Work instructions: Write out, word for word and with no pictures, each line below from the one containing "Free shipping@@@@@ Free" through the one containing "这是纪录片《梵净山》摄制组,依托红云金顶", both included, and no other line.

Data listing:
+===+

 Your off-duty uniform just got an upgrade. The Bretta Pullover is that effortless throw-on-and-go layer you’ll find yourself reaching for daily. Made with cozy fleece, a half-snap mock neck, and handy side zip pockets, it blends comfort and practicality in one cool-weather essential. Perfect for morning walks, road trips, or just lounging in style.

+===+

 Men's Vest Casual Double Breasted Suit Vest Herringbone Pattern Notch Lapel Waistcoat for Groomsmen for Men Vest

+===+

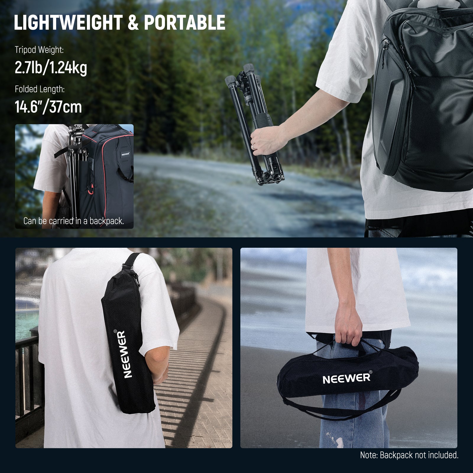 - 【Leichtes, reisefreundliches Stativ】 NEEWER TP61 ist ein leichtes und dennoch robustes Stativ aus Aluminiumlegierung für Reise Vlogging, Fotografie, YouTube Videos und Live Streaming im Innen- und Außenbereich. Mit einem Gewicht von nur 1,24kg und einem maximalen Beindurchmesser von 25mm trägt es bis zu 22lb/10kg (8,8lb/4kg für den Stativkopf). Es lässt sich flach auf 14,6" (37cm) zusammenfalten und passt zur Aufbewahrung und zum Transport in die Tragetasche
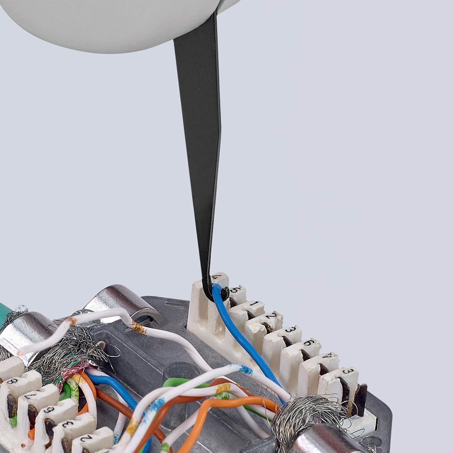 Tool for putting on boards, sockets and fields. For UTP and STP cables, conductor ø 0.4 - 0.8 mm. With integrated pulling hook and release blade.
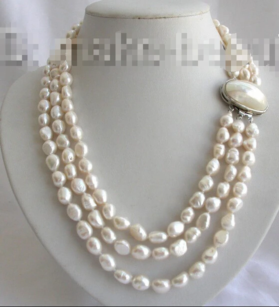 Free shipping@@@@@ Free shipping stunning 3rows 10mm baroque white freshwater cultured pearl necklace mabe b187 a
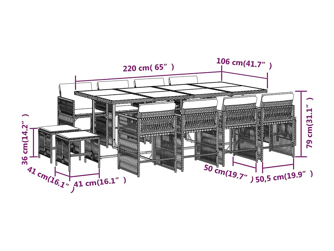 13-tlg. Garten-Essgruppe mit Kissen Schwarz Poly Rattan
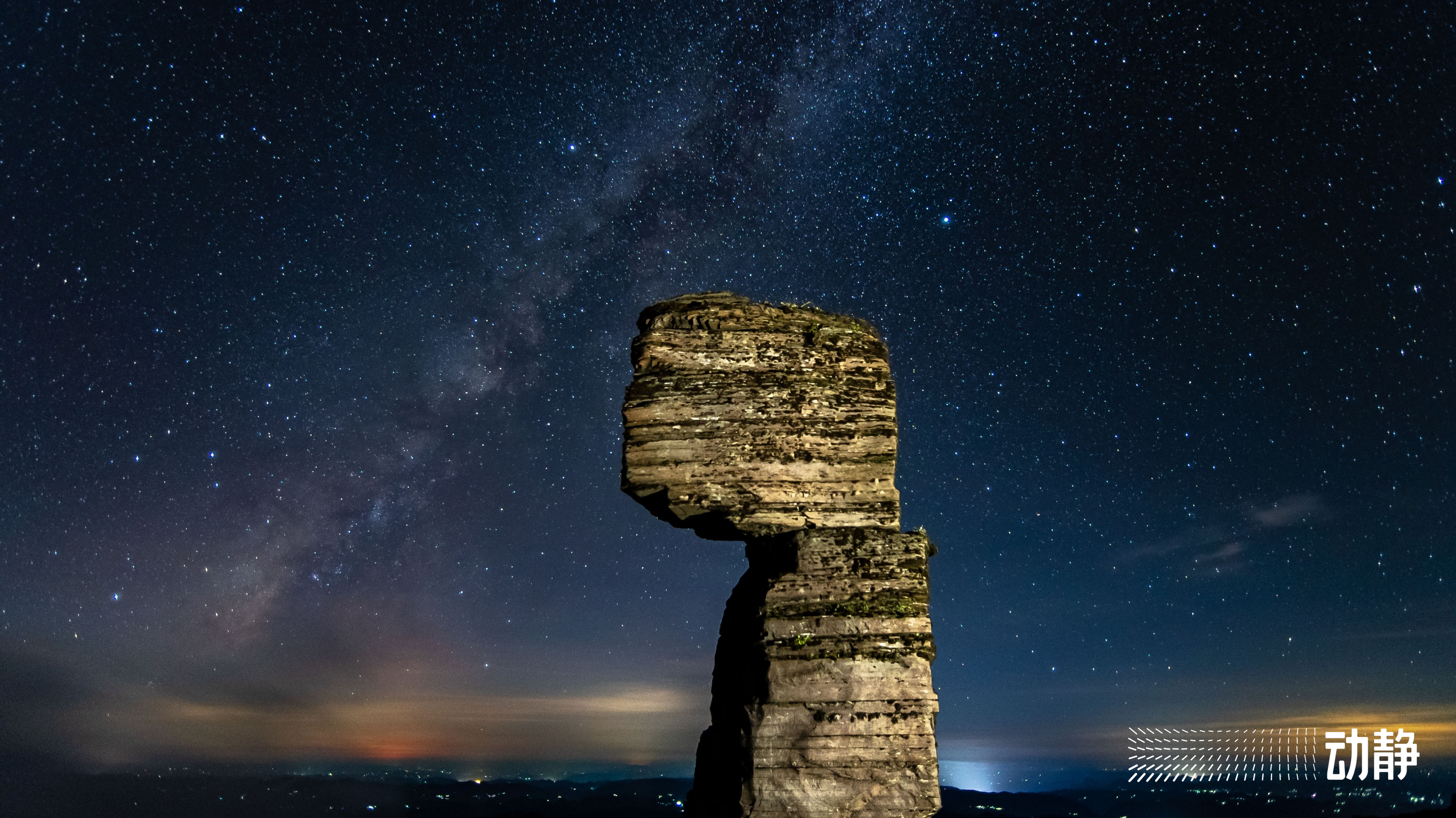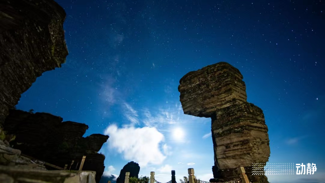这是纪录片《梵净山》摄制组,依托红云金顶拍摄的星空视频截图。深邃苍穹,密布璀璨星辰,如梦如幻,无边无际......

+===+

Result for this task:
 Free shipping@@@@@ Free shipping stunning 3rows 10mm baroque white freshwater cultured pearl necklace mabe b187 a
 13-tlg. Garten-Essgruppe mit Kissen Schwarz Poly Rattan
这是纪录片《梵净山》摄制组,依托红云金顶拍摄的星空视频截图。深邃苍穹,密布璀璨星辰,如梦如幻,无边无际......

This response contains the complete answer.